What’s the biggest thing in audio at the moment? Some believe it’s HyperSonic Sound.
Woody Norris (above) has taken the ultrasonic beamformer used for crowd control and de-weaponized it.
HyperSonic Sound uses an ultrasonic piezoelectric transducer to emit sound at frequencies above the human ear’s 20,000-cycle threshold. Unlike low-frequency waves, the high-frequency signals don’t spread out as they travel through air. These waves combine with normal audio from a CD or MP-3 player, interfering to create an audible signal, focused into a beam.
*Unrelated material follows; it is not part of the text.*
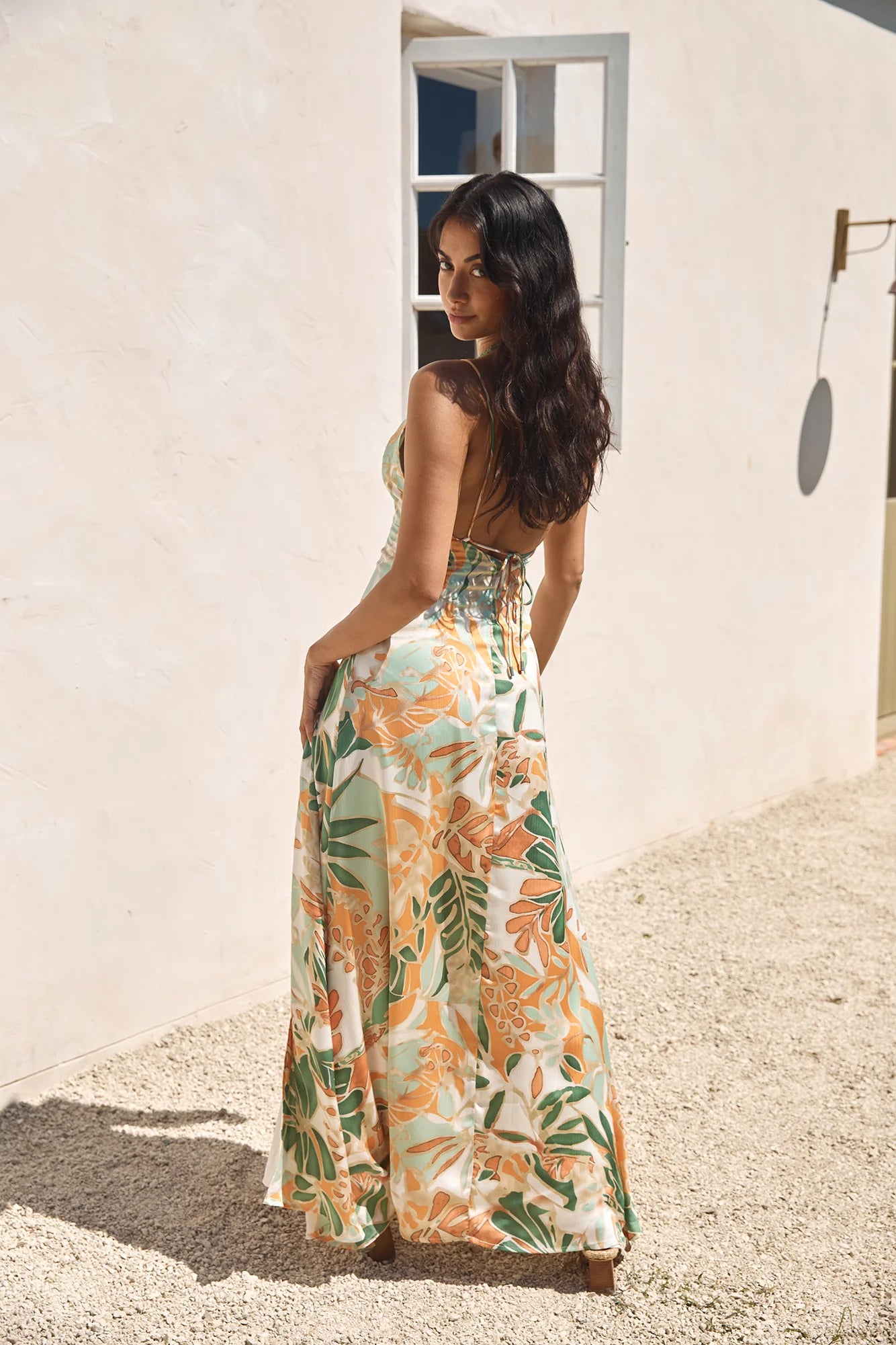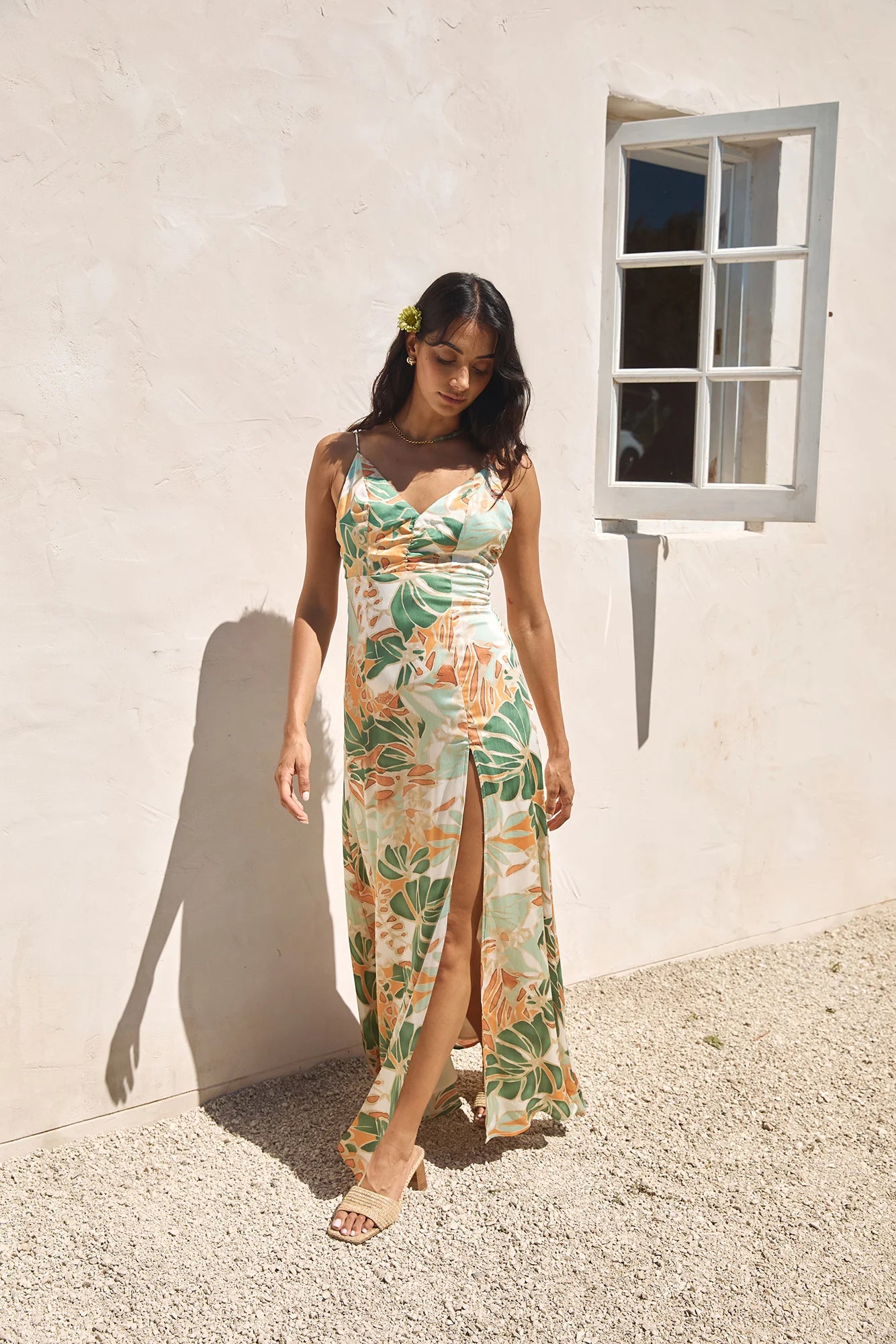 Emanate the vibrant allure of a tropical rainforest with the Rainforest Glow Maxi Dress in Green, a stunning and flowing garment that captures the essence of lush greenery, ensuring you radiate natural elegance and captivating beauty wherever you go. Style with tan heels and gold adornments to complete the look.

Over the next few years we can expect a huge use of the HyperSonic Sound system. Thousands of soda machines in Tokyo will soon bombard passersby with the enticing sound of a Coke being poured, and several U.S. supermarkets will promote products to shoppers as they walk down corresponding aisles.
American Technology currently sells the HyperSonic Sound System for $600.
A HyperSonic Sound system consists of an audio program source such as a CD player or microphone, an HSS signal processor, and an ultrasonic emitter or transducer that is powered by an ultrasonic amplifier.
The music or voice from the audio source is converted to a highly complex ultrasonic signal by the signal processor before being amplified and emitted into the air by the transducer (emitter). Since the ultrasonic energy is highly directional, it forms a virtual column of sound directly in front of the emitter, much like the light from a flashlight.
All along that column of ultrasonic sound, the air is creating new sounds (the sound that we originally converted to an ultrasonic wave). Since the sound that we hear is created right in the column of ultrasonic energy, it does not spread in all directions like the sound from a conventional loudspeaker, instead it stays locked tightly inside the column of ultrasonic energy.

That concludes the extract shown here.